== Task inputs ==

☆ ☆ ☆ ☆ ☆ ☆ ☆

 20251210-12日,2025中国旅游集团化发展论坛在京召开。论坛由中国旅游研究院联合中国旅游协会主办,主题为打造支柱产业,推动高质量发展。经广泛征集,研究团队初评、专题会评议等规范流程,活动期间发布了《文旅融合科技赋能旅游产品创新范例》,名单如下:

☆ ☆ ☆ ☆ ☆ ☆ ☆

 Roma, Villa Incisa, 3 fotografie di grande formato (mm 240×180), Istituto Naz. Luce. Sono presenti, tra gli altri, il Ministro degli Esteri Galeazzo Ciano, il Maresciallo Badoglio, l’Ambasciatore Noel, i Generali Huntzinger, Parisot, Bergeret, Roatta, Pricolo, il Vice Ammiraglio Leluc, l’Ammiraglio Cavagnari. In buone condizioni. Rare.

☆ ☆ ☆ ☆ ☆ ☆ ☆

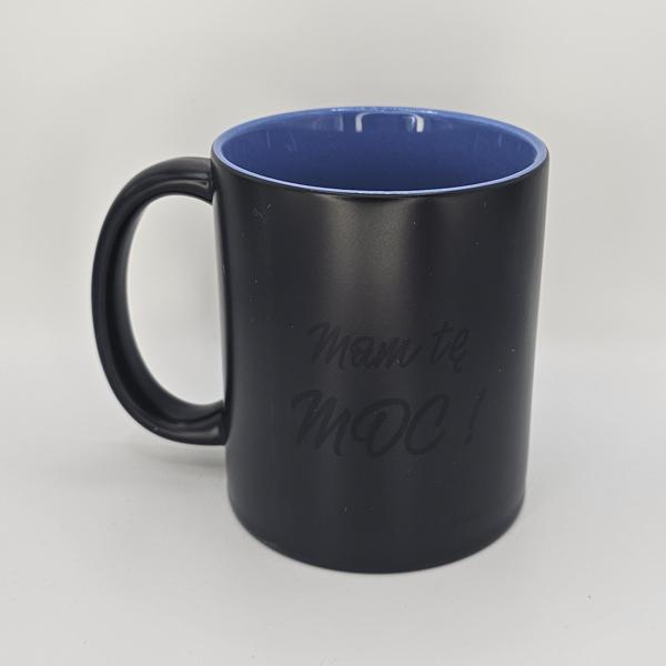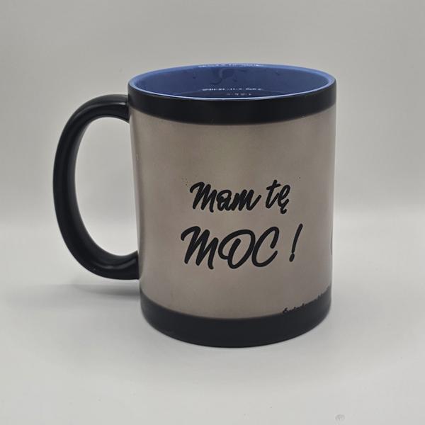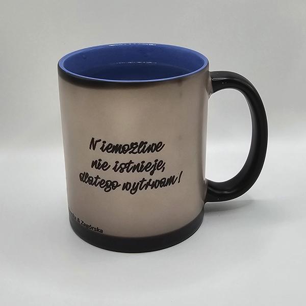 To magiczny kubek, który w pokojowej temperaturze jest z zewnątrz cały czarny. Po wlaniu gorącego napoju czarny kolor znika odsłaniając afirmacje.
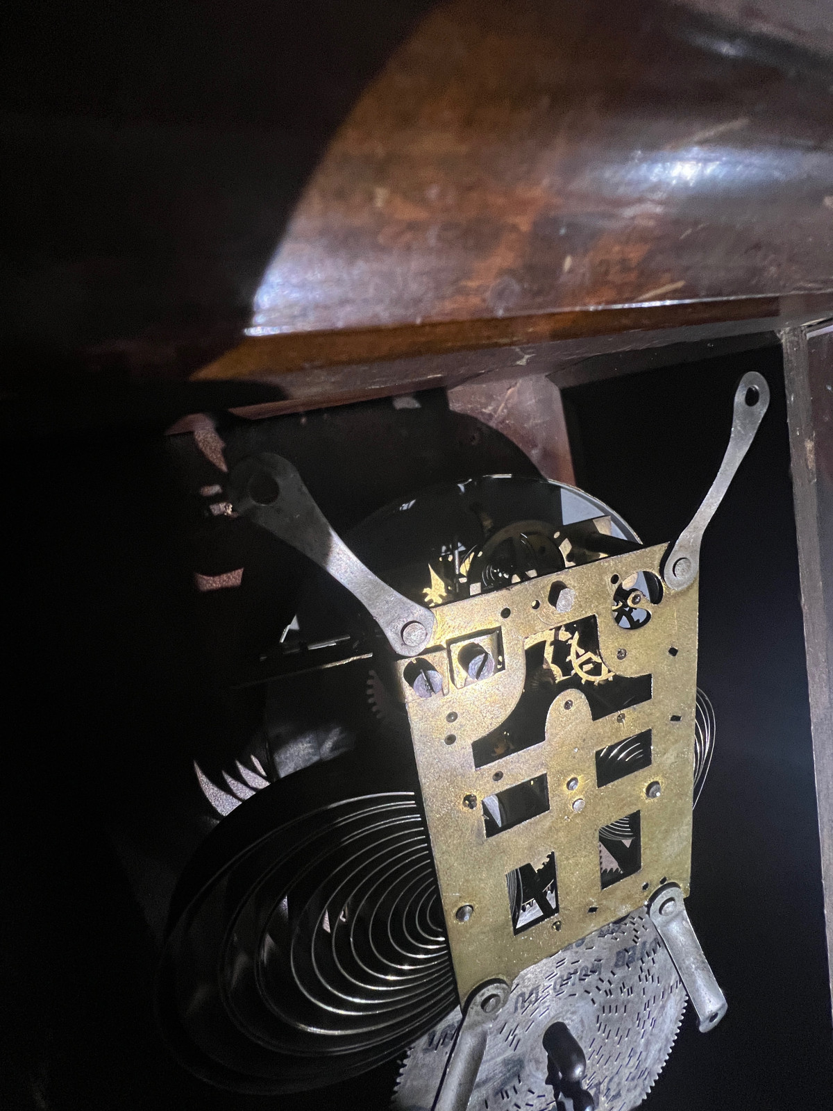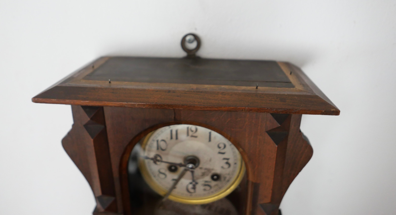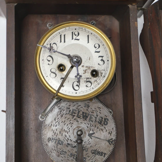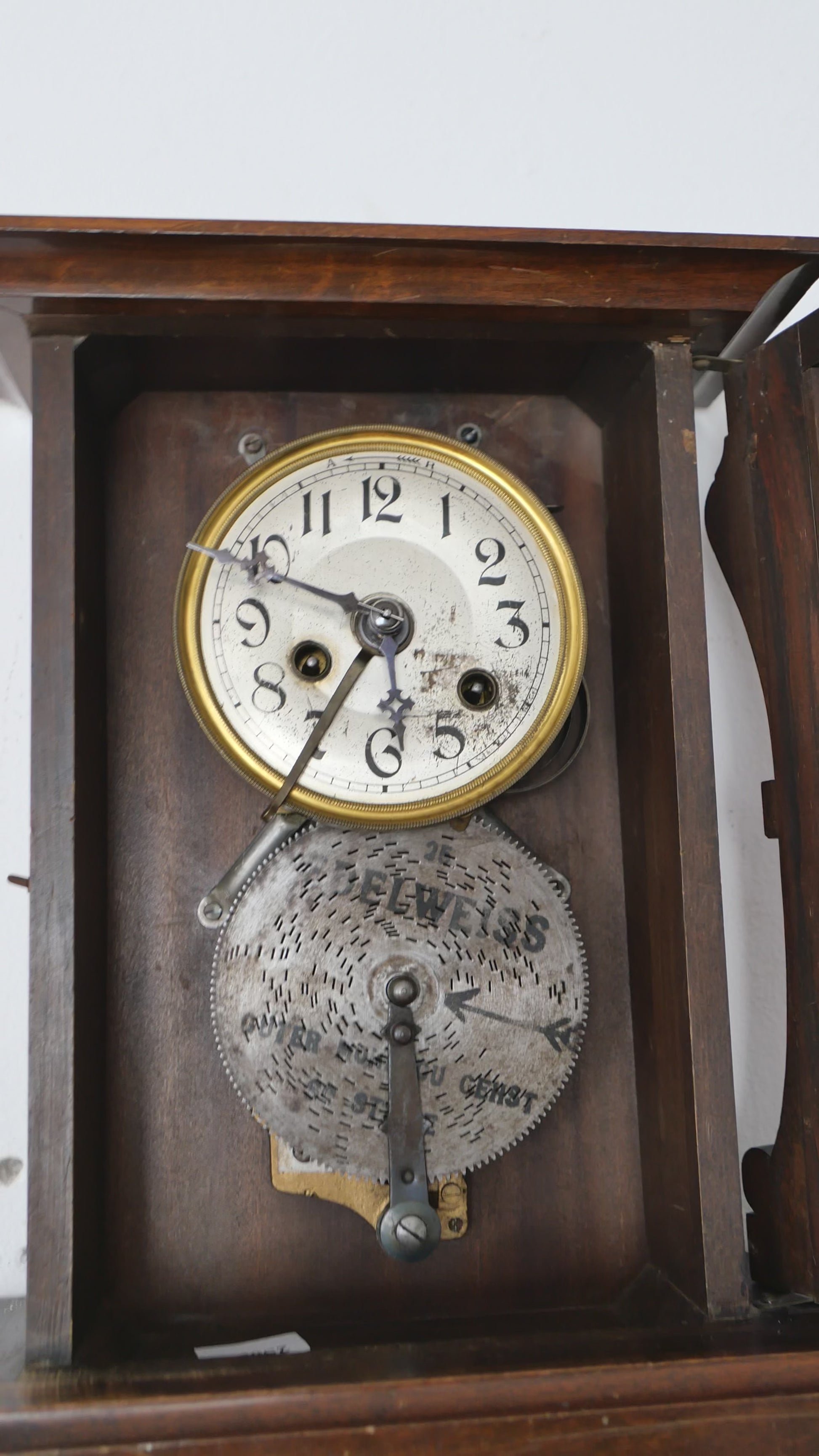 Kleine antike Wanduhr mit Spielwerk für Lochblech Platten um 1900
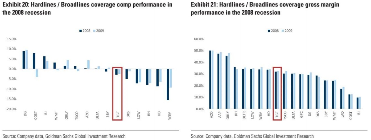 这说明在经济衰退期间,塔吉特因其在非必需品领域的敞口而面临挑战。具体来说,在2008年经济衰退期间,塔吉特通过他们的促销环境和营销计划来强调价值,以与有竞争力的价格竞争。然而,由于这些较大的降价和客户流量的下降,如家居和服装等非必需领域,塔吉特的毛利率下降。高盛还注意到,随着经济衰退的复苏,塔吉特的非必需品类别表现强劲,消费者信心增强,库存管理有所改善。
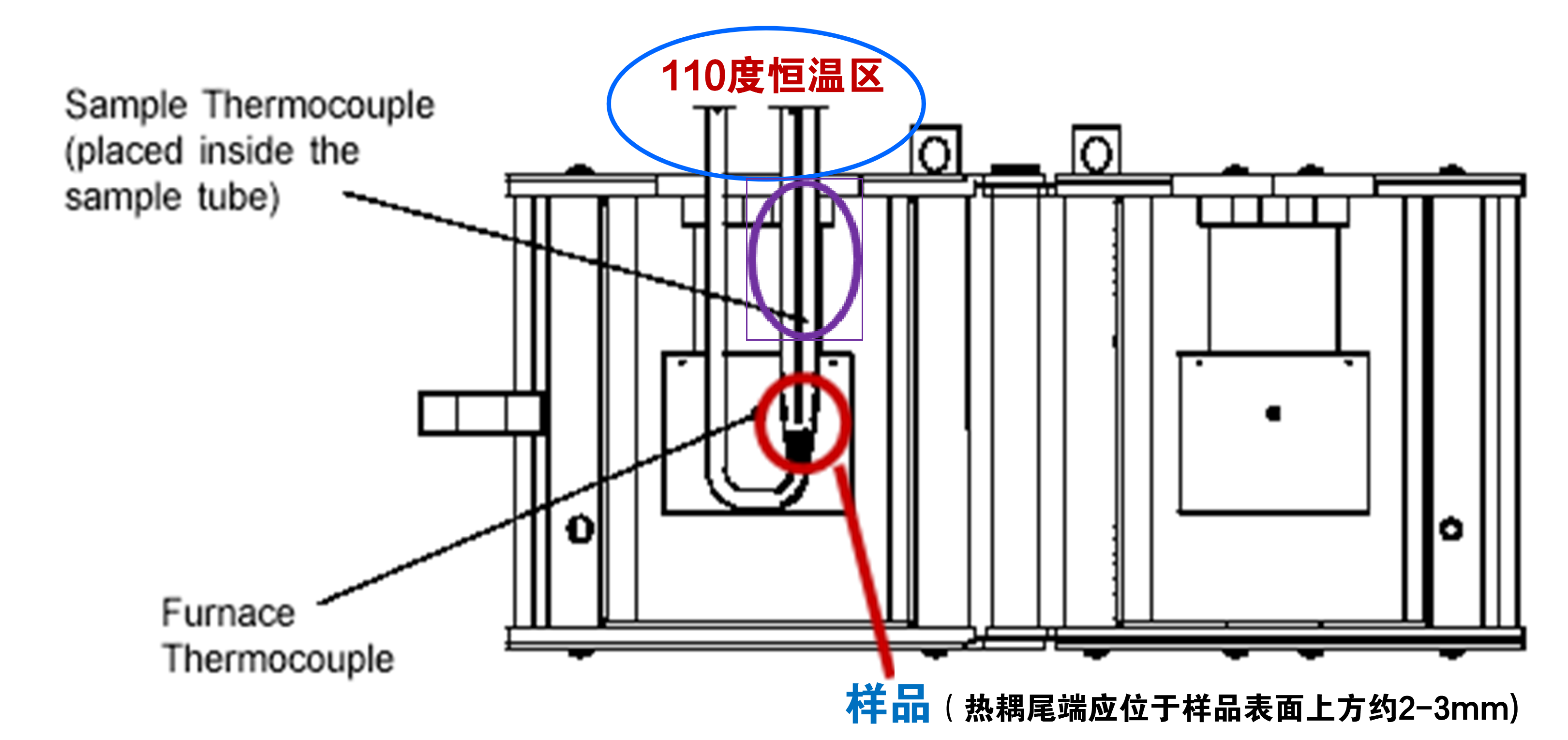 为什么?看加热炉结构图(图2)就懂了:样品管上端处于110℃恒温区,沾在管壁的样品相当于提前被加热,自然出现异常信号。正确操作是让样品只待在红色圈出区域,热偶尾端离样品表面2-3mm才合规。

☆ ☆ ☆ ☆ ☆ ☆ ☆

== Task brief ==
Would you give again, exactly, the lines in the data above that run from the line containing "To magiczny kubek, który" to the line containing "这说明在经济衰退期间,塔吉特"? Include both ends and no pictures.

== Output ==
 To magiczny kubek, który w pokojowej temperaturze jest z zewnątrz cały czarny. Po wlaniu gorącego napoju czarny kolor znika odsłaniając afirmacje.
 Kleine antike Wanduhr mit Spielwerk für Lochblech Platten um 1900
 这说明在经济衰退期间,塔吉特因其在非必需品领域的敞口而面临挑战。具体来说,在2008年经济衰退期间,塔吉特通过他们的促销环境和营销计划来强调价值,以与有竞争力的价格竞争。然而,由于这些较大的降价和客户流量的下降,如家居和服装等非必需领域,塔吉特的毛利率下降。高盛还注意到,随着经济衰退的复苏,塔吉特的非必需品类别表现强劲,消费者信心增强,库存管理有所改善。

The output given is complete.